Because Hollie deals in remedial work, most of the jobs she is sent out to are complaint customers. She has found it helps that they’re not expecting a girl, because they tend to be less vocal in their annoyance!

“Customers sometimes think that I’m there to check the problem and will then send someone out to fix it, and I have to explain that I’m doing it. They don’t click that I’m there to do the job most of the time.

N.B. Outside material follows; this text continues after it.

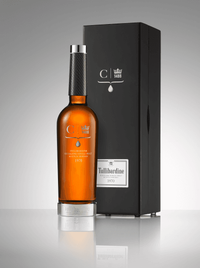 Tullibardine 1970 is a mature, highly fragrant expression and the combination of two sherry hogsheads, one a first fill and the other a second fill. The 1970 offers a rich hint of bees wax with fresh citrus notes of tangerine, balanced with sweet barley, hints of almonds, spice, crème brulee, baked bananas and a touch of vanilla, and is housed within a sleek bottle.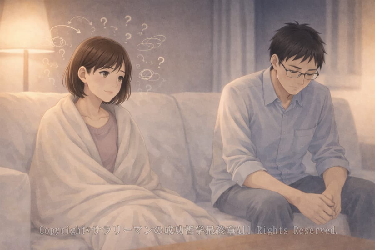 夫婦のすれ違いって、派手な喧嘩よりも、こういう“静かな消耗”のほうがつらかったりします。

Most people are quite surprised but then they like the idea that it’s a female doing it,” said Hollie.

Once she’s completed her six-month probation, she hopes to receive further training, specifically her gas and unvented tickets.

Taking a stand

In 2016, Hollie was invited to become an Ambassador for JTL, specifically promoting apprenticeships and the trade among young women.

JTL’s Ambassadors programme was originally launched at the House of Commons in 2013, and was expanded in 2016 to reach young people from Black and Ethnic Minority groups.

There are now more than 25 JTL Ambassadors operating throughout England and Wales, spreading the word of apprenticeship industries and opportunities.

Hollie wanted to be a part of this to encourage other young women that they can pursue a career in the trades.

“It’s important because it sets an example for other young girls and gives them a bit of confidence to speak up and express an interest,” she said.

“It’s good to show them that there are other jobs available. The trades might not be something they would normally think of, so it gives them the awareness that it’s an option if they do want to try something different.”

Hollie recognises that she was fortunate to have a supportive school and parents, with her older sister having paved the way by studying motor mechanics.

“I went to an Academy that was quite good at making sure people could do what they wanted to do, but some schools do push students towards A-level and university,” she said.

There were a few girls in Hollie’s college class, and they were accepted and treated as ‘one of the lads’ by the boys.

But women still make up just 2% of plumbing and heating engineers, often because that type of career path isn’t presented to them as an option.

In raising the profile of women in industry, JTL hopes to change that and encourage more young women to consider apprenticeships. It’s something Hollie couldn’t recommend enough.

“It’s definitely something to look in to, because you’re getting paid to learn – so no student loans – and it’s enjoyable,” she said. “You’re not sitting around doing nothing, you’re out, doing something practical, having a laugh while you’re learning. It’s also much better to do an apprenticeship as well as the college course, because employers want experience.”